Red yeast rice is a colorful addition to various Asian dishes and beverages and is prized for its food-coloring abilities. These vibrant grains are also sold as health supplements, since researchers have discovered the potential cholesterol-lowering effects of the food. Despite this, the Food and Drug Administration pulled the supplements from American store shelves in 2007 due to concerns over their possible association with kidney and muscle problems. Produced by fermenting a type of red yeast known as Monascus purpreus over rice, this unique food is pleasing to both the eye and palate.
Things You'll Need
- 1 cup of rice
- Powdered Monascus purpureus (red yeast)
- Large bowl
- Thick, heavy-gauge cooking pan
Soak the rice in a large bowl of cold water until each grain is fully saturated, for about 30 to 40 minutes.
Drain the water from the bowl with the soaked rice and pour the rice into a cooking pan with a thickly lined bottom to prevent burning.

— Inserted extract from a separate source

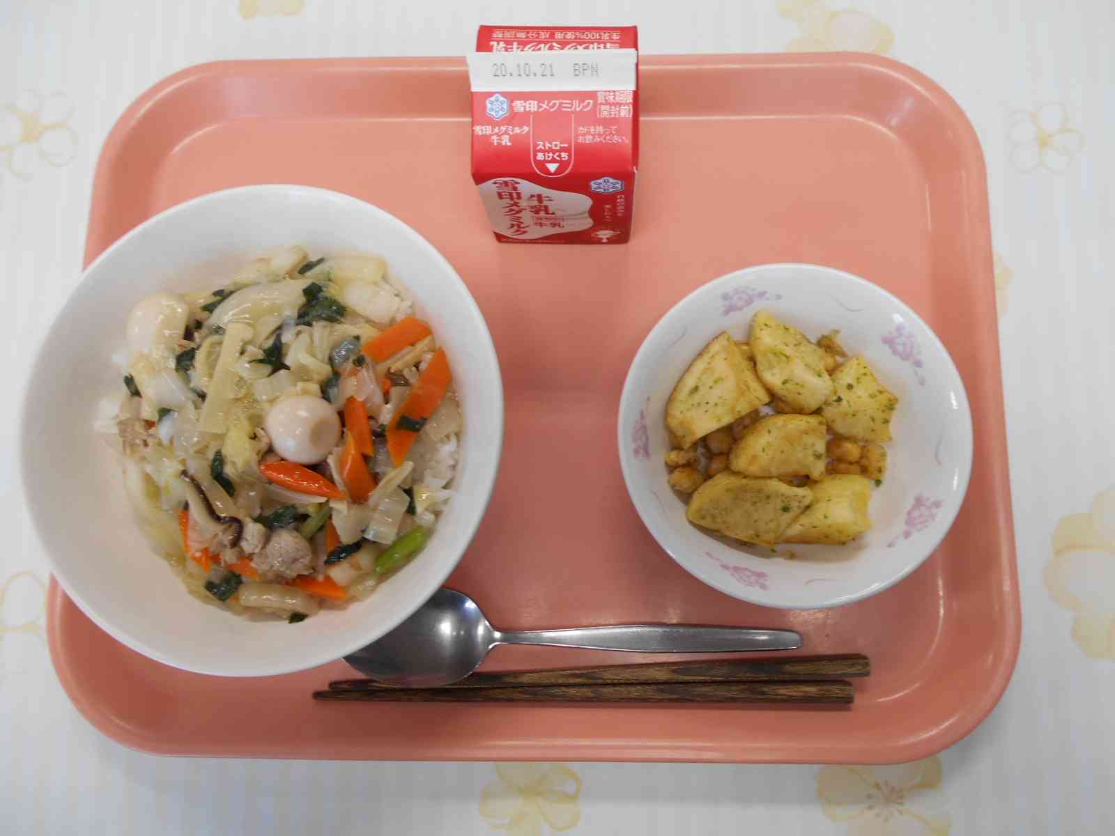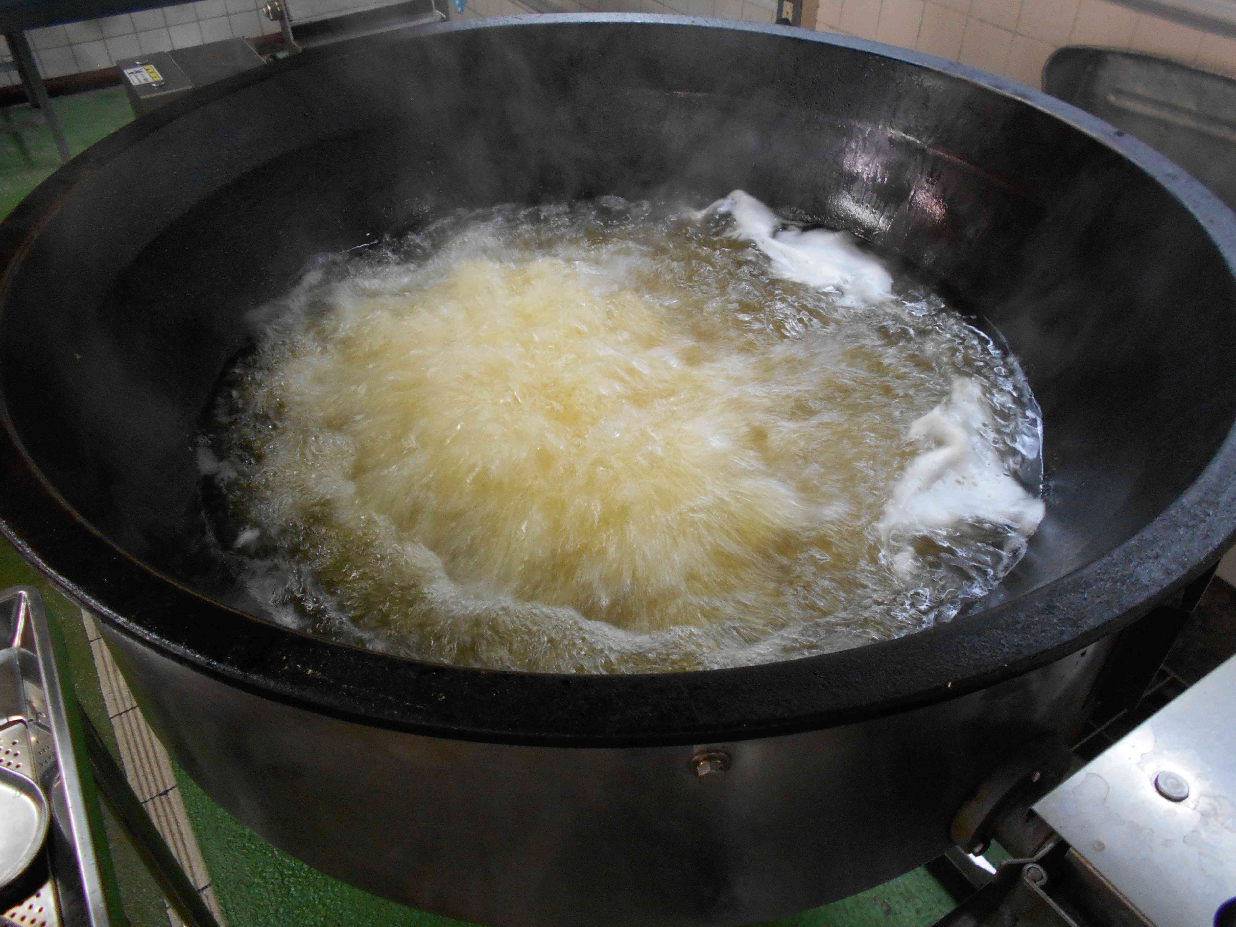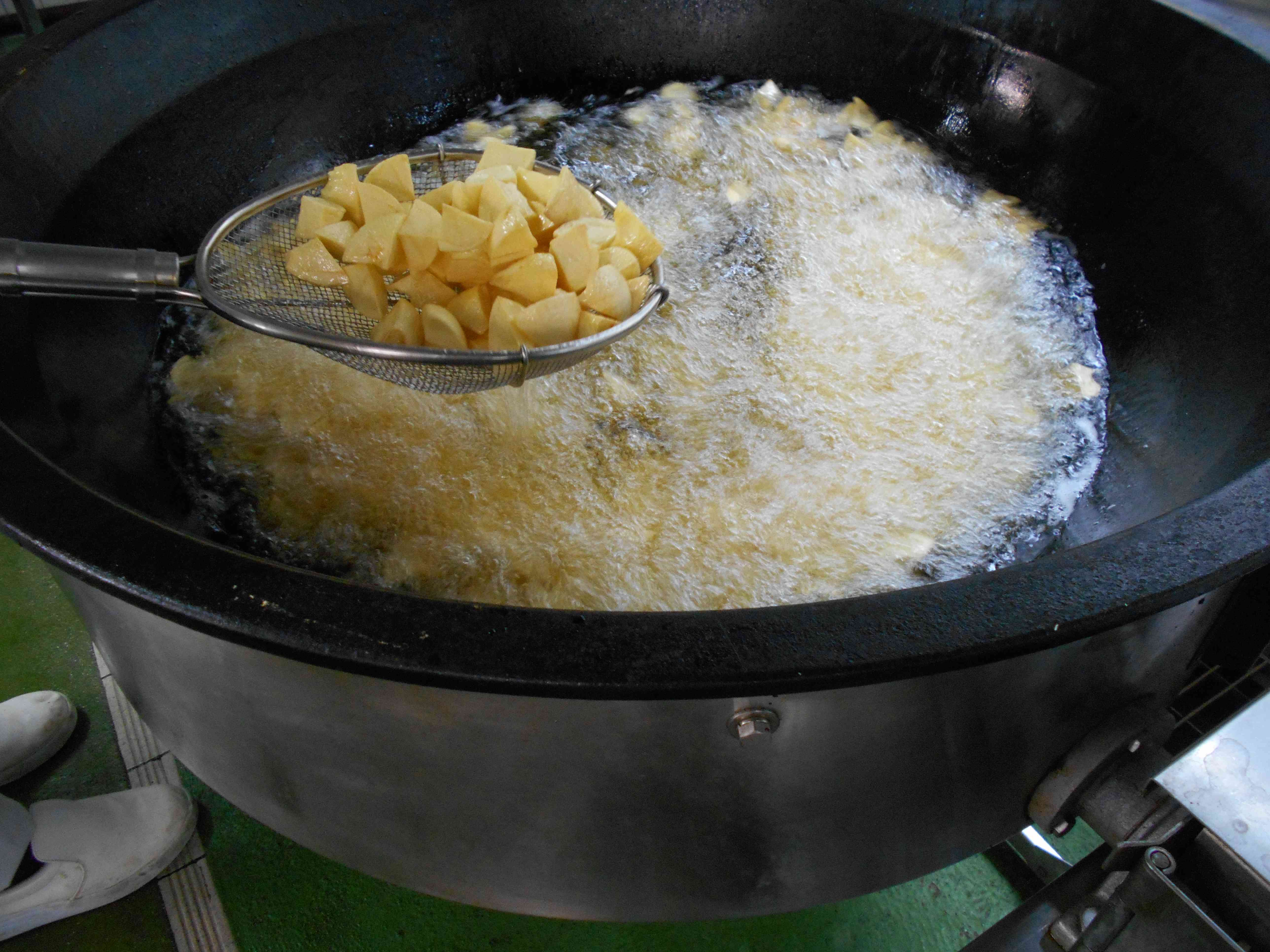〇牛乳 〇中華丼 〇のり塩ビーンズポテト ☆一口メモ☆ "中華丼の調味料のひとつにオイスターソースを使っています。オイスターソースは、中華料理の隠し味として、古くから日本でも親しまれており、その奥深い風味から、中華料理には欠かせない調味料となっています。今日の中華丼も、オイスターソースのおかげでコクやうまみが増しています。ここで、クイズです。オイスターソースは、何を原料にして作られているでしょうか。 (1)果物のかき (2)海のかき (3)星のかけら ・・・答えは、(2)海のかきです。オイスターの意味は「かき」です。給食で使っているオイスターソースは、化学調味料を使わないこと、広島県産かきを使用することにこだわったものを使っています。 写真2枚目 じゃがいもを油で揚げているところです。 じゃがいもを入れてすぐの写真です。じゃがいもから大きな泡がたくさん出てくるので、揚げ油の中央は、まるで火山の噴火口のようになります。 写真3枚目 じゃがいもがちょうどよく揚がったところです。このころになると、じゃがいもから出てくる気泡も小さくなって、その様子からも揚がってきたことが分かります。表面がカリッとして、色がついてきたらできあがりです。食べごたえがあるように、じゃがいもを大きな乱切りに切っているので、10分以上の時間をかけてじっくり揚げました。【添付ファイル】

Add 1 ½ cups of water to the pan and cook on medium heat until the water begins boiling. Put a lid on the pot and turn down the heat to the lowest setting and let the rice simmer for 15 to 20 minutes. Turn off the stove and allow the rice to sit in the pot for about 10 minutes more, so the grains can settle.
Remove the lid and check to see that all water has been absorbed. Then sprinkle 1 to 2 tablespoons of M. purpureus or powdered red yeast rice over the rice, and mix together.
Put the lid back on the pan and allow the mixture to incubate at room temperature for three to six days. During this time the rice should become cultured by the M. purpureus and will turn a reddish purple color.
Tips & Warnings
- Red yeast rice can also be prepared and eaten in the same way as regularly processed rice, and it is commonly used in Asian cuisines. Try adding red yeast rice to other foods such as meats and vegetables to add a colorful and healthy addition to your meal.
- Talk to a doctor before consuming red yeast rice, as regular consumption has been linked with muscle and kidney injuries.